# Puzzle OCD



## The Puzzler (Aug 14, 2010)

I was wondering if anyone else was like this. After you eat pizza or blow your nose or touch something besides your puzzle, do you wash your hands? I do and everone thinks I'm wierd. I just believe I don't want to resticker my puzzle. Any thoughts?


----------



## FruitSalad (Aug 14, 2010)

I think i have to sanitize my cube now...


----------



## Kirjava (Aug 14, 2010)

LOL GUYS I LIKE TO KEEP MY ROOM TIDY IM OCD LOOOOOOOOOL


----------



## hawkmp4 (Aug 14, 2010)

Kirjava said:


> LOL GUYS I LIKE TO KEEP MY ROOM TIDY IM OCD LOOOOOOOOOL



When I saw you had replied to this thread I was hoping it'd be something like this.

Short attention span =/= ADHD and liking cleanliness =/= OCD.


----------



## ChrisBird (Aug 14, 2010)

I don't like leaving puzzles on my shelf unsolved, but I don't think that counts as OCD =p


----------



## musicninja17 (Aug 14, 2010)

ChrisBird said:


> I don't like leaving puzzles on my shelf unsolved, but I don't think that counts as OCD =p



you bet ^_^ lol I can't stand leaving them sitting there
Especially my V7. I don't even love my v7 all that much, it just annoys me to have it staring me in the face.


----------



## Tim Major (Aug 14, 2010)

ChrisBird said:


> I don't like leaving puzzles on my shelf unsolved, but I don't think that counts as OCD =p



Haha, I'm the exact same. Sometimes I might have 3+ puzzles unsolved, and I just have to solve them before going out. When I need to go to bed, and I have puzzles unsolved, my parents turn off the light, but I simply need to turn it back on, just to solve those puzzles, or I can't sleep. One time my Mum confiscated a scrambled 3x3, and I couldn't bare it


----------



## shelley (Aug 14, 2010)

I had a friend who felt the need to have the edges of all his papers, books, cubes, etc. parallel with the edges of his desk. If you moved anything, he would have to realign it.

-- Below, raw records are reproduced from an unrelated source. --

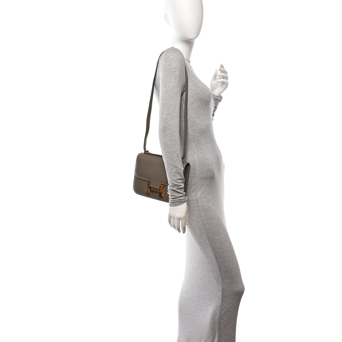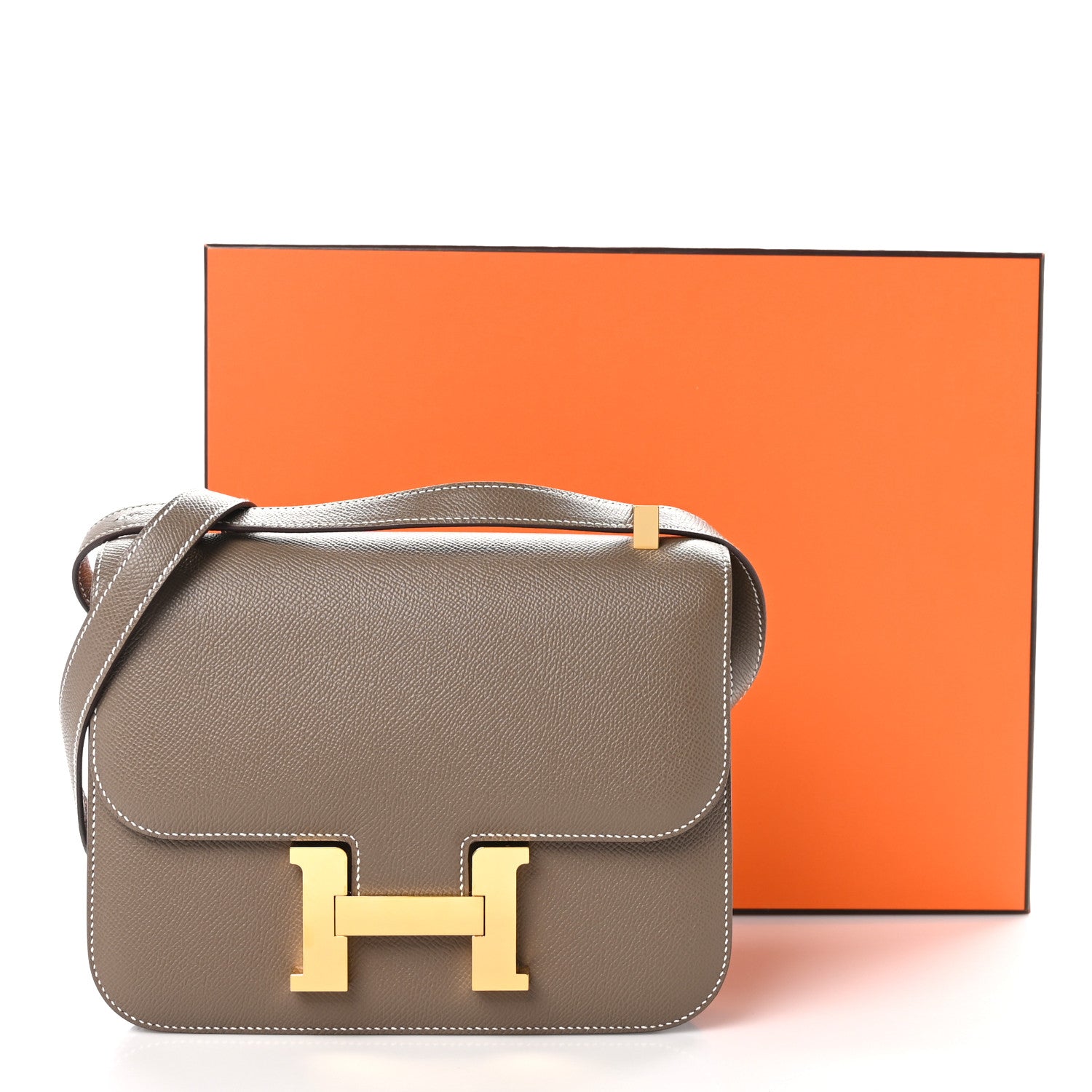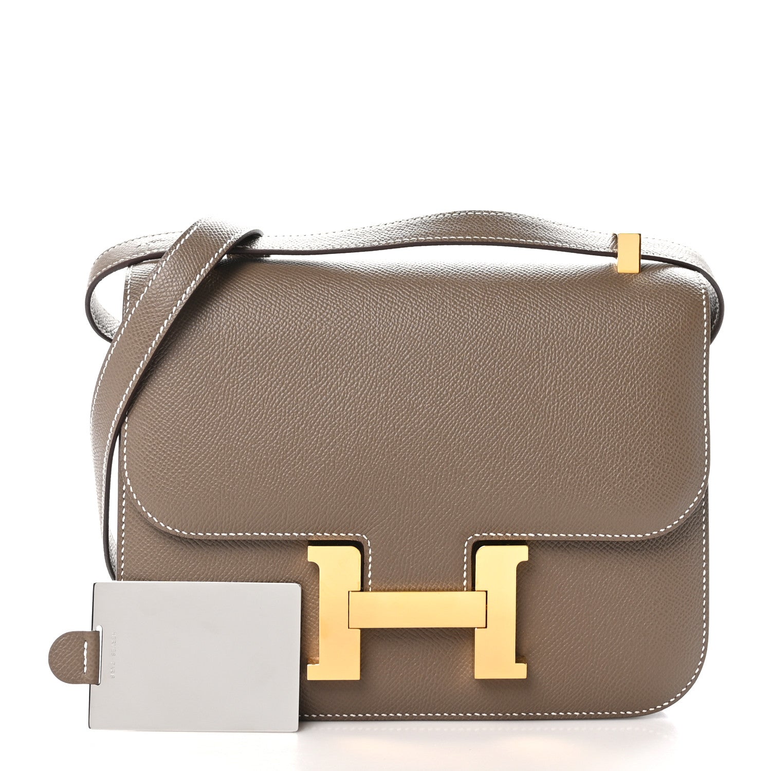 This is an authentic HERMES Epsom Constance 1-24 in Etoupe. This stylish shoulder bag is crafted of epsom calfskin leather in taupe. The bag features a rear slip pocket, a long shoulder strap with gold plated hardware, and a gold H buckle on the front. This opens the flap to a smooth beige leather interior with zippered and flat pockets and a removable mirror.Follow this item for alerts. Hermes is a registered trademark of Hermes. FASHIONPHILE is not affiliated with Hermes.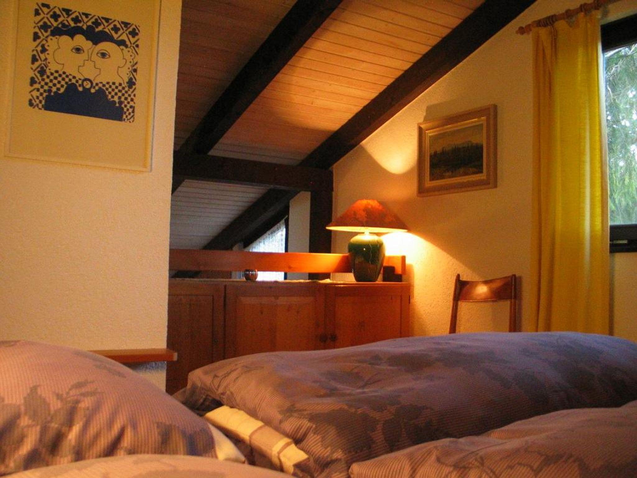 In der Elternschlafzone (obere Ebene) ein Doppelbett, Wäschevitrine.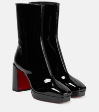 Lend an edgy touch to your ensembles with the Alleo ankle boots from Christian Louboutin. Crafted from patent leather, this pair features 90mm block heels, platforms, and square toes. Product Details - Upper: calf leather - Lining: fabric - Sole: leather insole and sole - Toe shape: square toe - Made in Italy - Designer color name: Black/Lin Black - Closure: zipped side - Comes with a box - Comes with dust bags - Item number: P00824940 Size & Fit - True to size - European sizes - 9cm-3.5" heel (size EU 38) - 2,5cm-1" platform (size EU 38)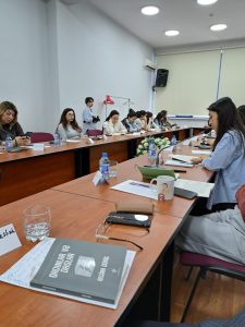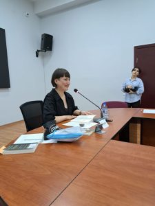 Regina Bakıda nəşr edilən romanının ilk tərcümə olduğunu deyib, əsərin hansı zərurətdən yaranmasından danışıb. Qısa müddətdə çox səmimi ortam yaradan qonaq tələbələrdən romandan parçalar oxunmasını xahiş edib, əsərin dilimizdə necə səsləndiyini dinləmək istəyib, onları maraqlandıran suallara cavab verib. Onun təklifi ilə görüş iştirakçıları tərəfindən daş, yaddaş, “kitab olsam hansı məzmunda olmaq istəyərdim?” mövzularında mətnlər yazılıb, oxunulub.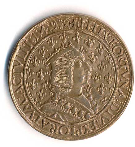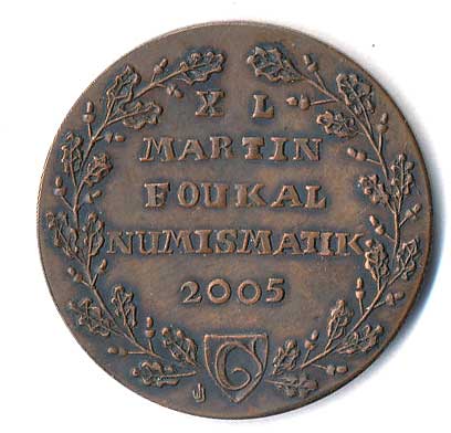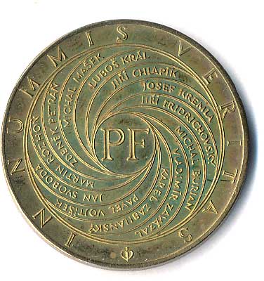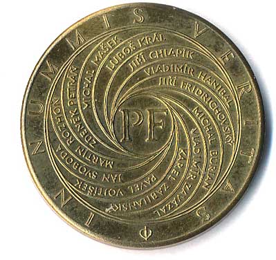 PF, z něho vystupující jména, opis IN NUMMIS VERITAS, Br30, (Oppl Vladimír)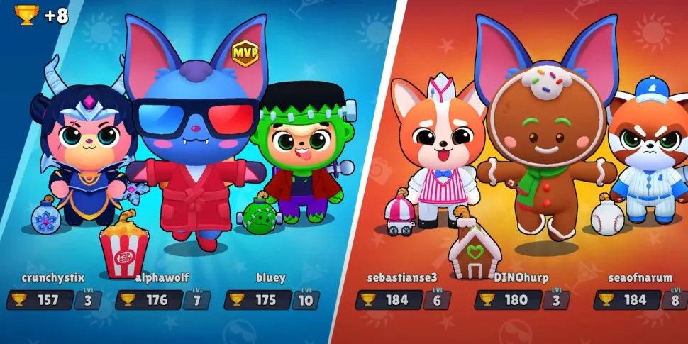 Игроки могут управлять 15 различными животными, каждое из которых обладает уникальными преимуществами и способностями, гарантирующими множество беспорядков и хаоса. Хотя в основном режиме Battle Royale все игроки сражаются друг с другом, в игре также есть несколько вариантов, ориентированных на команду, которые обеспечивают хаотичное совместное действие.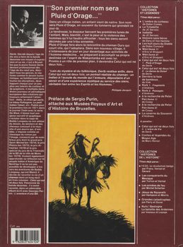 remarques: | dans la série Histoires et Légendes 1/ préface de Derib qui a toujours aimé le peuple des indiens, sa documentation provenant surtout du livre "vie et moeurs des indiens" (Thévenin?) et après la série Yakari et Buddy Longway, Derib commence cette nouvelle série en décrivant la vie d'un voyant-guérisseur indien depuis sa naissance jusqu'à sa mort, ce récit veut présenter l'esprit des indiens, un récit imaginaire mais basé sur des témoignages 2/ l'indien et le bison (buffalo) - la danse du bison, la tradition de la chasse au bison >> p. 4/5 une superbe aquarelle - la préparation du bison post-mortem le pemmican (= viande séchée, broyée en poudre et mélangée à de la graisse et des baies), chaque partie du bison ayant son utilisation - les causes de la disparition du bison: 1/ les modes gastronomiques et vestimentaires (dans les régions de l'est) 2/ la construction de la ligne transcontinentale (le chasseur Buffalo Bill tuait jusqu'à 8 bisons par jour durant 17 mois) 3/ les agriculteurs en introduisant l'élevage du long horn ainsi disparu la civilisation des indiens des plaines, la civilisation du bison (en 1800 60 mio d'espèces, en 1900 plus que quelques milliers) 3/ premier épisode: pluie d'orage >> p. 17 naissance de pluie d'orage, son enfance, ses découvertes, lutte entre tribus rivales, pluie d'orage sera le seul survivant avec sa grand-mère feuille d'automne >> p. 28 on se coupe le petit doigt en signe de deuil (?) ils seront recueillis par une tribu amie dont l'homme-médecine découvre le don de guérison de pluie d'orage qui est aussi l'ami du feu par la suite, pluie d'orage devient le fils adoptif de Ours qui court vite, l'homme-médecine >> p. 40 l'épreuve du froid (après celui du feu) >> p. 41 un cimetière indien >> p. 48-51 la chasse aux buffalos >> p. 53 le songe de pluie d'orage promis à un rôle de premier plan, il deviendra celui qui est né deux fois >> un album avec un texte intéressant (rite et coutumes des indiens à travers la vie de pluie d'orage), mais surtout de superbes illustrations seul l'exemplaire ici présent est collectionné à titre représentatif, mais la série continue avec 2/ la danse du soleil (1984) 3/ l'arbre de vie (1985) 4/ american buffalos/red road (1988) >> collectionné ici 5/ business rodeo (1993) 6/ bad lands (1995), 7/ Wakan (1998) Information - wakantanka = le grand manitou = l'esprit de toutes choses - hooka hey (en français allons-y, en anglais let's go) "it's a way of saying that you're going to sacrifice whatever you can to help the team" said Gap senior Dylan Rankin (professor at Gap's Canadian high school) |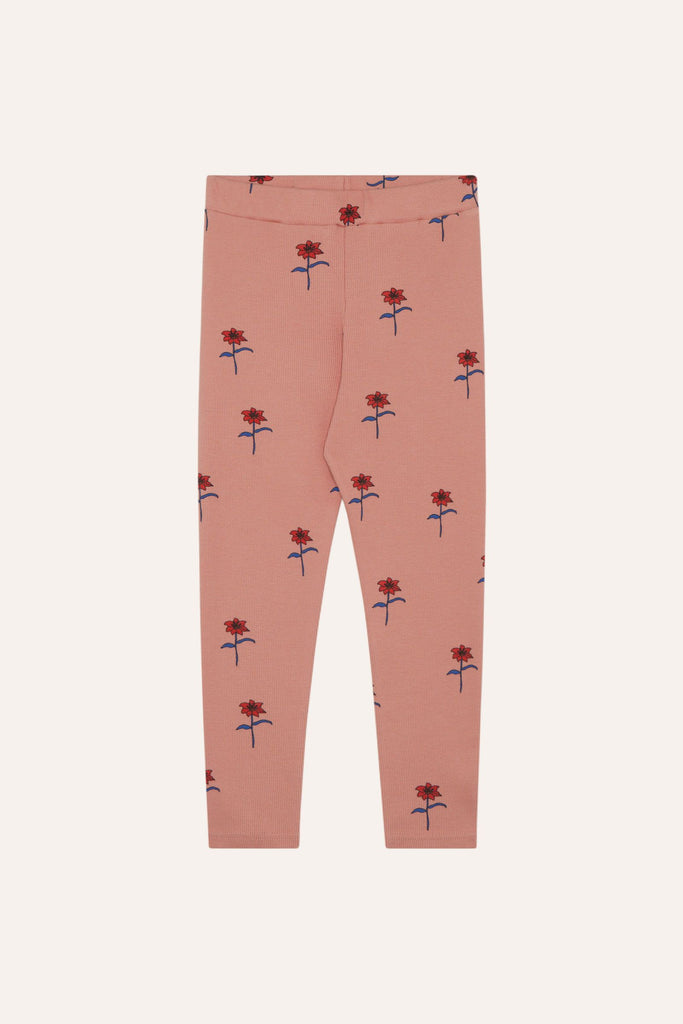 Ribbed leggings in pink with flower print and elastic waist.
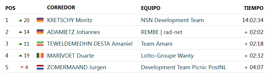 La resolución llegó en los últimos 500 metros. De Clercq lanzó su ofensiva definitiva, adelantó a Kretschy en las dos últimas curvas y, con un sprint seco a 100 metros de meta, certificó la victoria en Rubavu con un tiempo de 3 horas, 5 minutos y 55 segundos.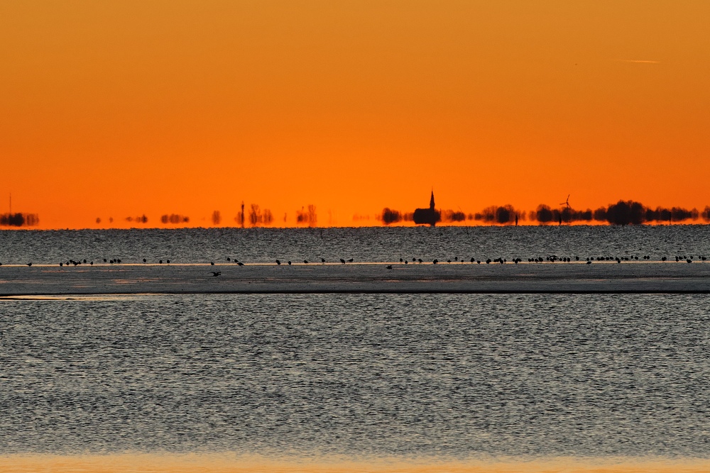 Daraus ist dann ein Sonnenuntergang mit Luftspiegelung und wenn ich nichts fasch gemacht habe auch noch eine Sonnenhalo daraus geworden.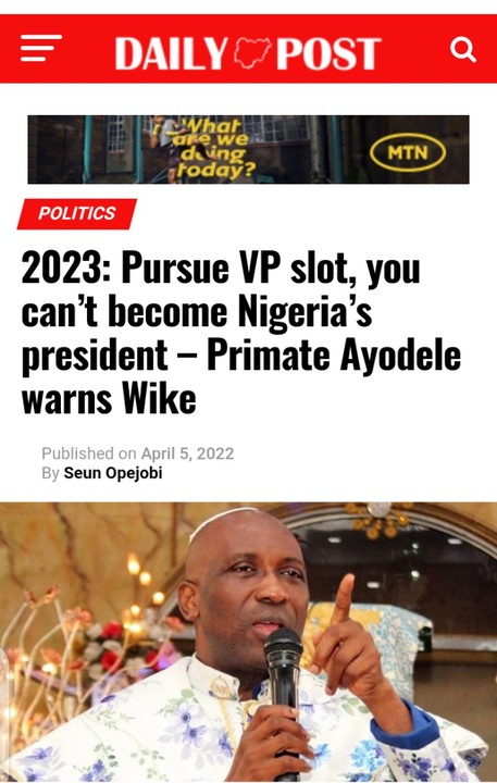 The Leader of INRI Evangelical Spiritual Church, Primate Elijah Ayodele, on Tuesday, warned Governor Nyesom Wike of Rivers State over his presidential ambition.

Liking to keep your cubes clean is not OCD.


----------



## DavidWoner (Aug 14, 2010)

The Puzzler said:


> After you eat pizza or blow your nose *or touch something besides your puzzle*, do you wash your hands? I do and everone thinks I'm wierd. I just believe I don't want to resticker my puzzle. Any thoughts?



Stackmat? Keyboard? Mouse? I can understand doing it after eating or blowing your nose, because those can be messy things. But after touching anything else is definitely weird. Also getting grease on your cube just means you need to clean it, not resticker it.


----------



## Edward (Aug 14, 2010)

My cubes need to be solved, clean, and put on the desk with red on top, white in front. I do not let this change. OCD? No.


----------



## FruitSalad (Aug 14, 2010)

OCD is only when it involves some sort of fear or anxiety right?
I turn my head away and fan the air when spraying lube to avoid inhaling the smell of the propellant


----------



## ianini (Aug 14, 2010)

FruitSalad said:


> I turn my head away and fan the air when spraying lube to avoid inhaling the smell of the propellant


That's just common sense


----------



## Tim Major (Aug 14, 2010)

shelley said:


> I had a friend who felt the need to have the edges of all his papers, books, cubes, etc. parallel with the edges of his desk. If you moved anything, he would have to realign it.
> 
> Liking to keep your cubes clean is not OCD.



I do lots of strange things like this :/ My rooms not tidy, but it's like, lined up. I can't stand having work with my name on it bad/crumpled. I line up coasters at the dinner table with the edge of my placemat, which is lined up with the edge of the table. I have the plate/bowl in the middle of the placemat. I keep books and papers lined up with either each other and the edge of the table.

This part I'm not sure is OCD, when walking on footpaths and whatever, I don't step on the cracks  At shopping malls with patterns, I keep to one part of the pattern (ie: circles)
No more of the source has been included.